#### WORK ITEM:
Nothing but the lines from the one showing "在贵州,杨、王、李、张、陈等" through the final line of the data below belongs in the answer, duplicated exactly and without pictures.

====== INPUT FOR THIS TASK

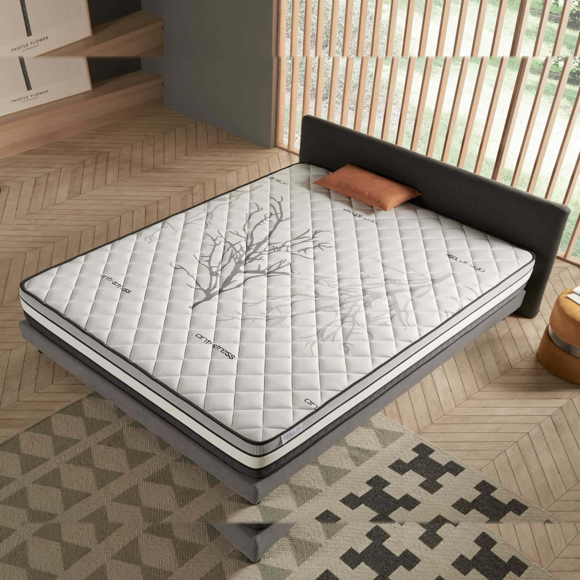 Mousse de Haute Qualité : La nouvelle mousse haute résilience (HR) à mémoire de forme garantit un confort idéal, même pour les personnes les plus exigeantes. De ce fait, ce modèle offre un meilleur soutien que les matelas en mousse à mémoire de forme habituels, tout en proposant une adaptation idéale sur les 7 zones de pressions de votre corps. Noyau Multicouche Novateur : La technologie Blue Latex combinée aux qualités reconnues de la mousse polyuréthanne Fleximax HQ, font de ce matelas, un des meilleurs matelas actuellement disponibles sur le marché. Ces technologies de nouvelle génération promettent un soutien à la fois ferme et flexible pour un confort hors pair. Confort Haut De Gamme : La Mousse à mémoire de forme V200 haute densité sur la face hiver vous offre un accueil tonique et durable pour une adaptation optimale aux formes du corps en un instant. Ventilation Supérieure : La Mousse à mémoire de forme V30 de nouvelle génération sur la face été a la capacité de réguler la température pour des nuits plus agréables grâce a la technologie Air Fresh. Technologie Air Fresh : Cette innovation assure une circulation parfaite de l'air et empêche la concentration de tout type d'humidité dans la literie. Tous nos matelas sont certifiés Oeko-Tex, garantissant l'absence de substances novices. Garantie 5 ans.
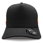 Premium Cotton Twill - Front panel and peak, Polyester mesh - Side and rear panels. Structured 5 panel design with deep Crown, 2 coloured stripes on side panels, Colour-matched tape over inside seams. Curved peak with 4 rows of stitching. Button colour-matched to front panel. Adjustable plastic tab fastener.
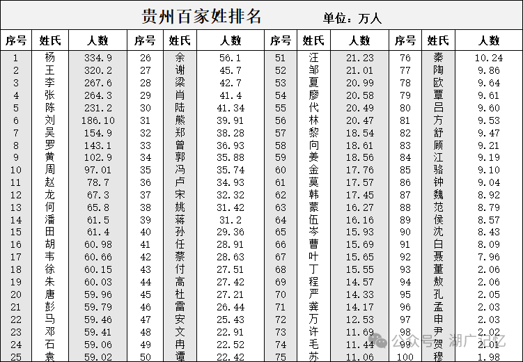 在贵州,杨、王、李、张、陈等姓氏,是境内人口大姓,其人口均超过200万人。境内一些不常见的姓氏,如敖姓、穆姓等在贵州也有2万多人。下面我们来说说,贵州的五个大姓。
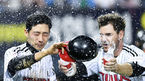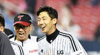 [OSEN=잠실, 박재만 기자] LG 트윈스가 김현수의 극적인 끝내기로 시리즈 스윕을 피했다.LG는 23일 서울 잠실구장에서 열린 SK 와이번스와의 홈경기에서 2-1 끝내기 승리를 거뒀다.경기에서 승리한 LG 류중일 감독 이우찬과 하아피아
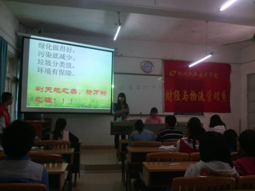 财经与物流管理系分团委学生会于2014年4月30日在德润楼101教室举行了主题为“环保,从点滴做起”的环保卫生评比活动,并于5月6日进行了颁奖活动,此次活动邀请了环境?;ば峄岢ず瘟?、副会长鲜亚琴到现场担任评委。
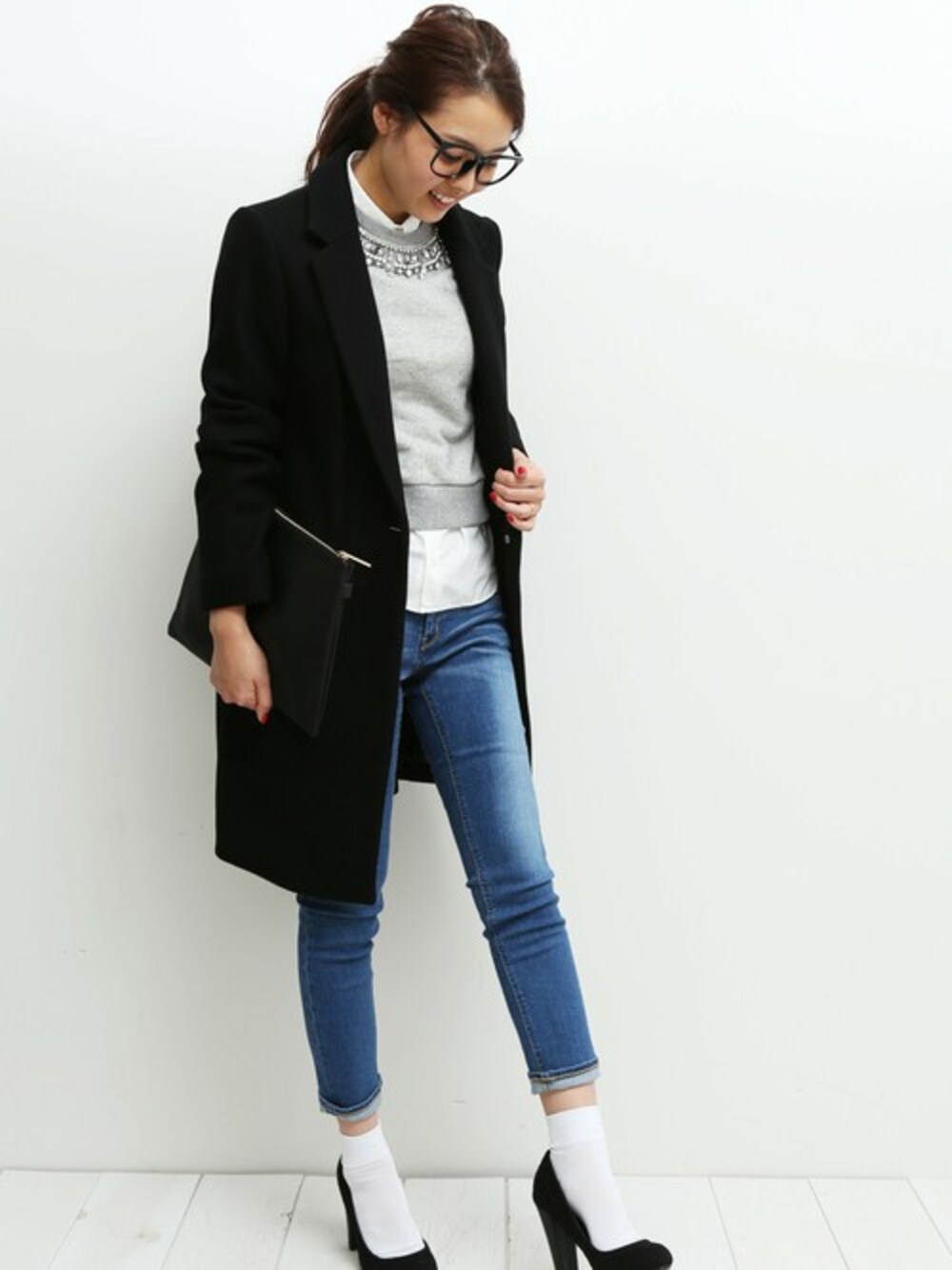 ビジュースウェットとデニムのカジュアルコーデを大人気のロングチェスターで引き締めたスタイリング。

============

#### TASK RESPONSE:
 在贵州,杨、王、李、张、陈等姓氏,是境内人口大姓,其人口均超过200万人。境内一些不常见的姓氏,如敖姓、穆姓等在贵州也有2万多人。下面我们来说说,贵州的五个大姓。
 [OSEN=잠실, 박재만 기자] LG 트윈스가 김현수의 극적인 끝내기로 시리즈 스윕을 피했다.LG는 23일 서울 잠실구장에서 열린 SK 와이번스와의 홈경기에서 2-1 끝내기 승리를 거뒀다.경기에서 승리한 LG 류중일 감독 이우찬과 하아피아
 财经与物流管理系分团委学生会于2014年4月30日在德润楼101教室举行了主题为“环保,从点滴做起”的环保卫生评比活动,并于5月6日进行了颁奖活动,此次活动邀请了环境?;ば峄岢ず瘟?、副会长鲜亚琴到现场担任评委。
 ビジュースウェットとデニムのカジュアルコーデを大人気のロングチェスターで引き締めたスタイリング。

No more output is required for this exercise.